The Philippine manufacturing sector has less reason to be optimistic these days, as the weakening of the peso not only failed to boost the export sector, but also made imported inputs more expensive.
IHS Markit principal economist Bernard Aw said the weak peso, compounded by sluggish output growth, slowed the country’s manufacturing sector in September, with the Purchasing Managers’ Index (PMI) indicating a subdued growth during the month.
Despite the modest PMI number in September, however, confidence remains in the manufacturing sector, as the country still has the second-highest PMI in the region during the month, after Vietnam.
In a report released by Nikkei and IHS Markit on Monday, data showed that the country’s PMI stood at 50.8 in September, slightly up from the record-low 50.6 in August. The report said the improvement in the sector is “marginal” and the September result is the second-weakest PMI print of the country since the survey started in January 2016.
The PMI is a composite index, calculated as a weighted average of five individual sub-components. Readings above 50 signal an improvement in business conditions on the previous month, while readings below 50 show deterioration.
Vietnam’s manufacturing sector continues to lead the region’s industrial expansion during the month, registering a PMI of 53.3. The Philippines came in second with its 50.8, followed by Indonesia’s 50.4 and Thailand’s 50.3.
Meanwhile, the three countries in the region whose manufacturing sectors were in contraction mode were Malaysia, with its PMI at 49.9, Myanmar at 49.4 and Singapore at the bottom with 48.6.
The report said output volumes were partly to blame, as they rose with the weakest rate since the survey started last year amid modest sales.
Employment also shrank for the sector for the second straight month, and rising cost for raw materials was also said to have affected production plans during the period.
Aw also made mention of the peso’s weak performance during the month as one of the issues faced by local manufacturers.
“The weak peso continued to pose a problem for manufacturers. Not only did the cheaper currency fail to provide a boost to exports, it raised the costs of imports. Coupled with supply shortages due to bad weather, costs for manufacturing inputs, especially in industrial metal and paper, increased further. There were also reports of rising cost inflation affecting production levels,” Aw said.
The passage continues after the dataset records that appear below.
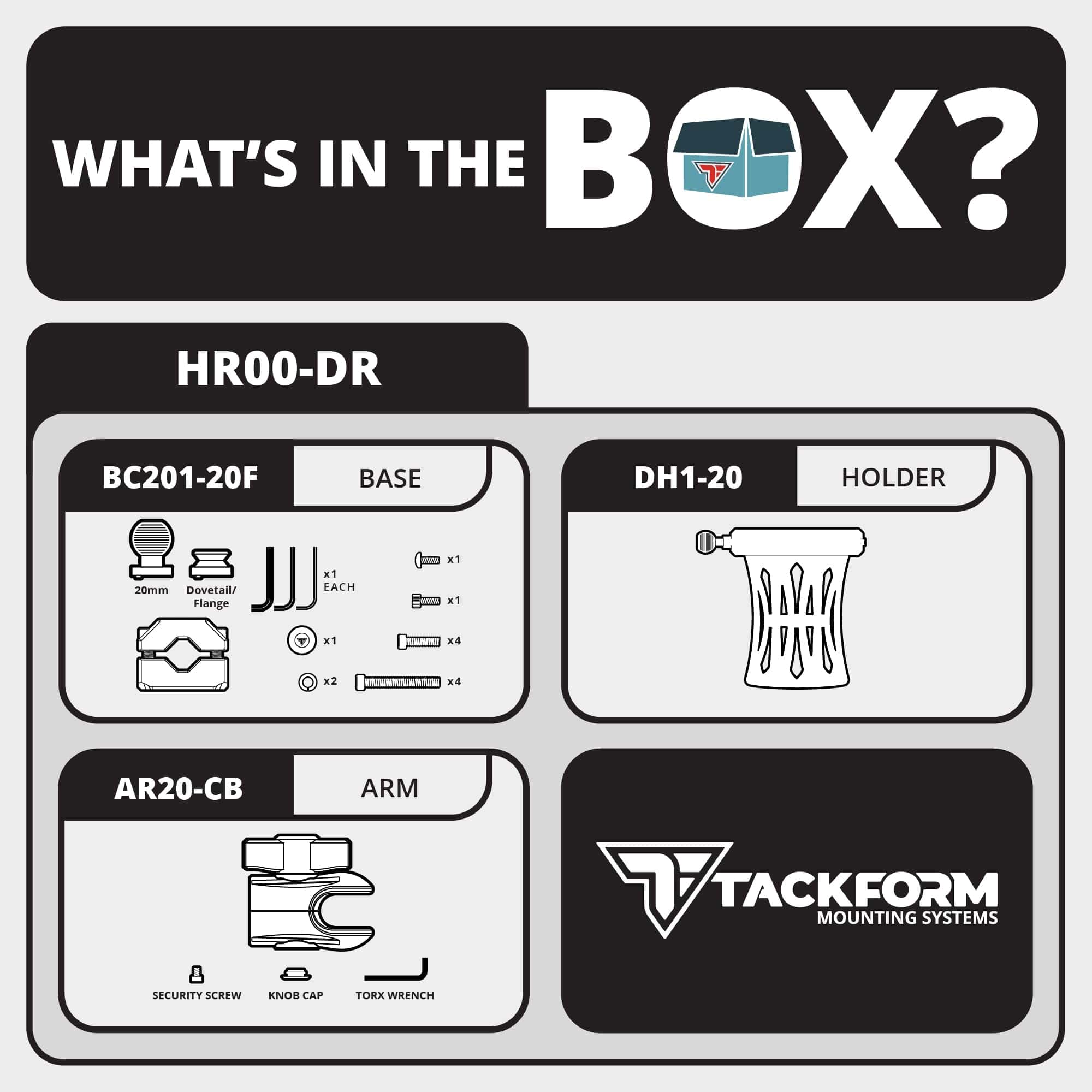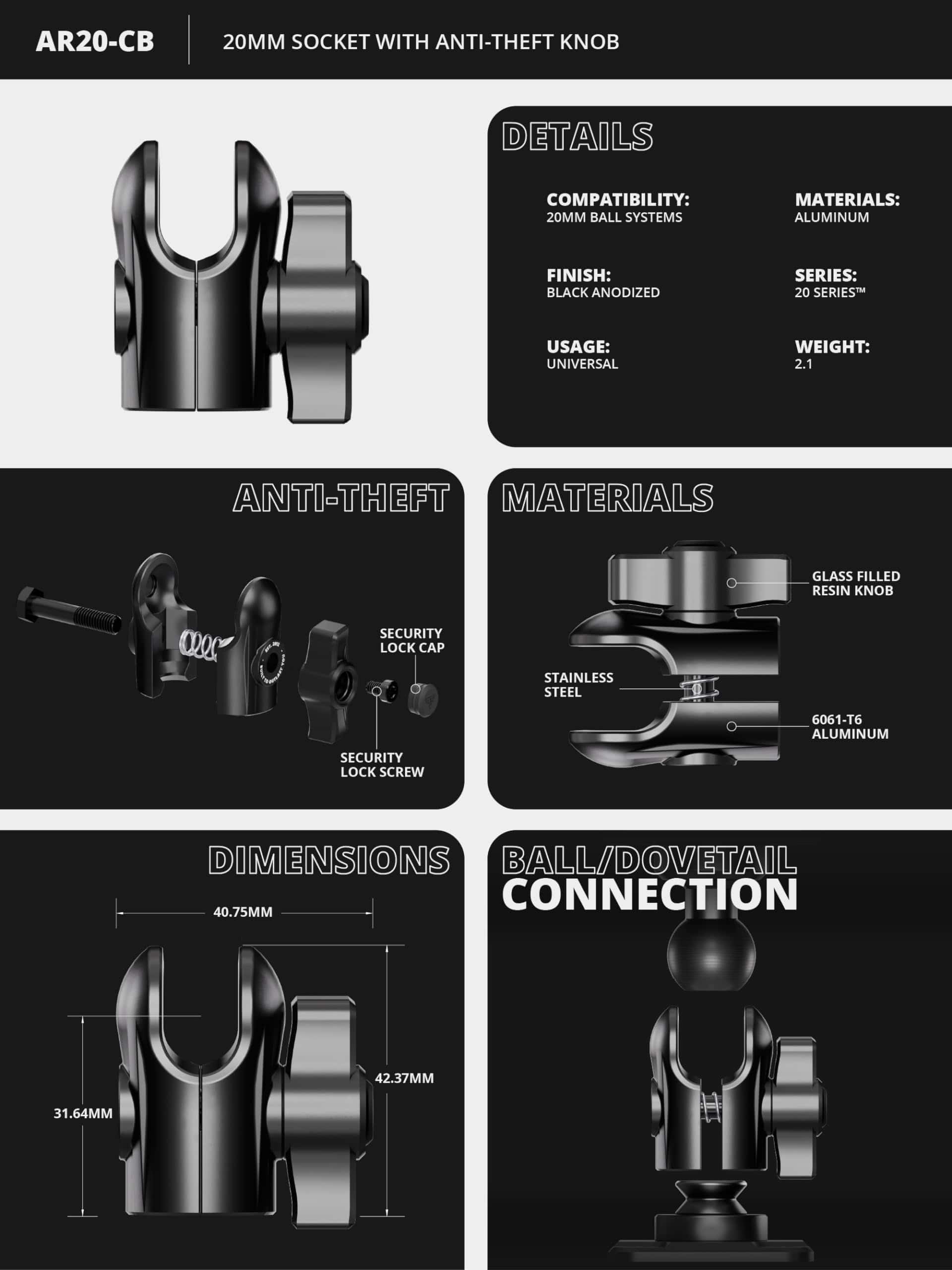 5. SERIE 20 DE TACKFORM: Diseñada específicamente para ser compatible con la Plataforma Serie 20 de Tackform, que gira en torno al sistema de bola y toma de 20 mm. Aunque compatible con otros productos de 20 mm, nuestras piezas destacan por su durabilidad probada y sus capacidades de carga ingenierizadas, con un factor de seguridad no garantizado por otros fabricantes. Ten en cuenta: No apto para bolas de 25.4 mm / 1″ / tamaño B.
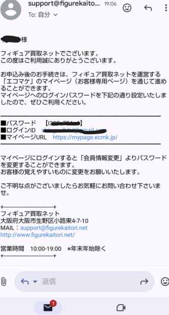 登録が終わると、メールに仮パスワードが送られてきます。仮パスワード使って、マイページにログインしましょう。
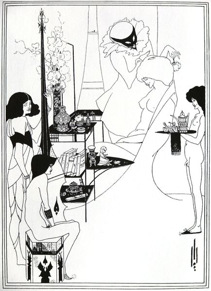 Editor: We're looking at Rafael Zabaleta's ink drawing, "Female nude from back with stove." The high contrast and somewhat domestic setting make it feel very intimate, almost like we're intruding on a private moment. What do you see in this piece that maybe I'm missing? Curator: Notice the starkness of the black ink against the paper, creating clear, almost geometric shapes. How does Zabaleta employ line weight and contour to define form and space? The stove, rendered with careful detail, sits in contrast to the flowing lines that describe the figure, drawing the eye towards the planes and intersections. Do you perceive the various visual elements contributing to a sense of harmony or tension? Editor: I do see the tension, now that you mention it. The stove seems very rigid compared to the fluidity of the figure, almost imposing. Is that contrast intentional, do you think? Curator: Undoubtedly. Consider the artist's calculated placement of these disparate objects. The stove, a symbol of domesticity and perhaps even warmth, alongside the exposed female figure. Observe how Zabaleta leads our gaze across the surface with varying densities of line, almost a controlled choreography. Is it a harmonious coexistence or a dialogue of opposing forms? Editor: I hadn't thought about the choreography of the lines. Seeing how the different line weights direct my eyes makes the whole composition make much more sense. Thank you! Curator: Indeed. Appreciating art is learning to decipher the vocabulary of form, line, and the deliberate arrangement that shapes our visual journey.
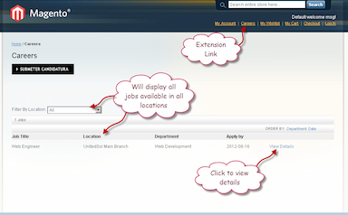 Vous pouvez définir le type d'emploi, le département et les emplacements dans l'extension de recrutement Magento pour faciliter les chercheurs d'emploi.
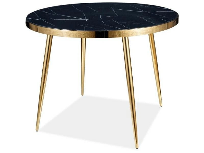 Hledáte způsob, jak dodat svému domovu trochu klasického půvabu? Nehledejte nic jiného než stůl Coolio! Tato kulatá deska nabízí sofistikovanou estetiku do každého obytného prostoru. Ohromující zlaté hrany a nohy dodávají atmosféru moderní elegance, zatímco deska z tvrzeného skla dodá vašemu interiéru další šmrnc! Pod povrchem tohoto robustního materiálu se nachází černý mramorový vzor, který dodává desce dávku jemné sofistikovanosti, jež jistě upoutá pozornost. Robustní kovový rám a plastové nožky zajišťují nejen vynikající pevnost a dlouhou životnost, ale také chrání před poškrábáním podlahy. S rozměry 100x75 poskytne tento velkolepý kousek nadčasový půvab od nynějška až do příští sezóny - co si nezamilovat? Investujte do stolu Coolio pro věčný půvab a vylepšete svůj interiér odvážnou krásou!
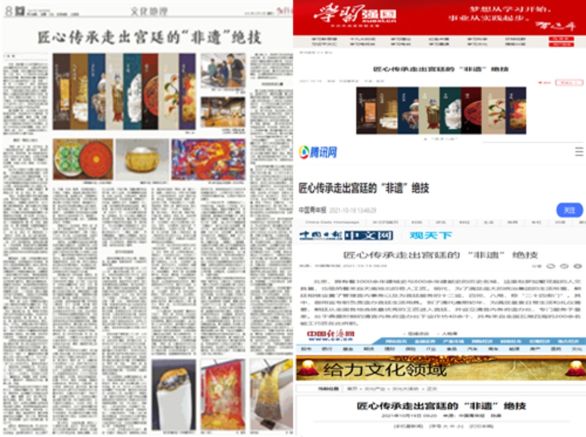2021年10月19日,《中國青年報》在第八版刊登題為《匠心傳承走出宮廷的“非遺”絕技》的采訪文章,介紹了已被列入國家級非物質文化遺產名錄的“燕京八絕”的傳承及發展情況。我校首飾設計與工藝專業大師工作室郭衛軍(首飾專業外聘教師)大師和首飾專業實訓室李嘉杰老師作為“燕京八絕”繼承和發展的代表性中青年力量之一在采訪中發表了自己的見解。
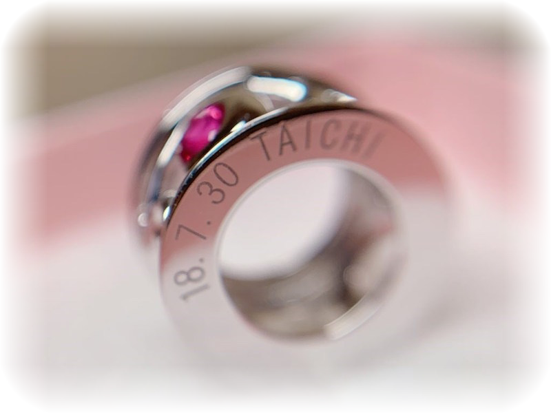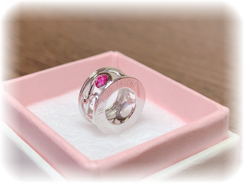 出来上がりをご覧になり、「小さくて可愛いですね。誕生日と名前もこんなにはっきりと刻印されていて、想像以上によかったわ。ありがとうございました」と、喜んで頂きました。

The economist, however, pointed out that optimism regarding output remained high during the period, encouraging firms, in turn, to increase their purchases of inputs.
“Survey data indicated that a majority of surveyed companies still expect output to rise in the next 12 months on the back of new product launches, an improving economic climate, marketing activity and business expansions. That optimism, in turn, led
firms to step up input buying at the end of the third quarter,” the report read.
In a separate commentary, ING Bank Manila economist Joey Cuyegkeng said indicators are strong in recent months, reflecting strong economy and would likely support the third- quarter GDP.
Cuyegkeng added that the reversal of the country’s PMI downtrend in September could validate a strong GDP print for the country in the third quarter of the year.
The ING economist sees the country GDP growing by 6.5 percent to 6.6 percent in the July-to-September period.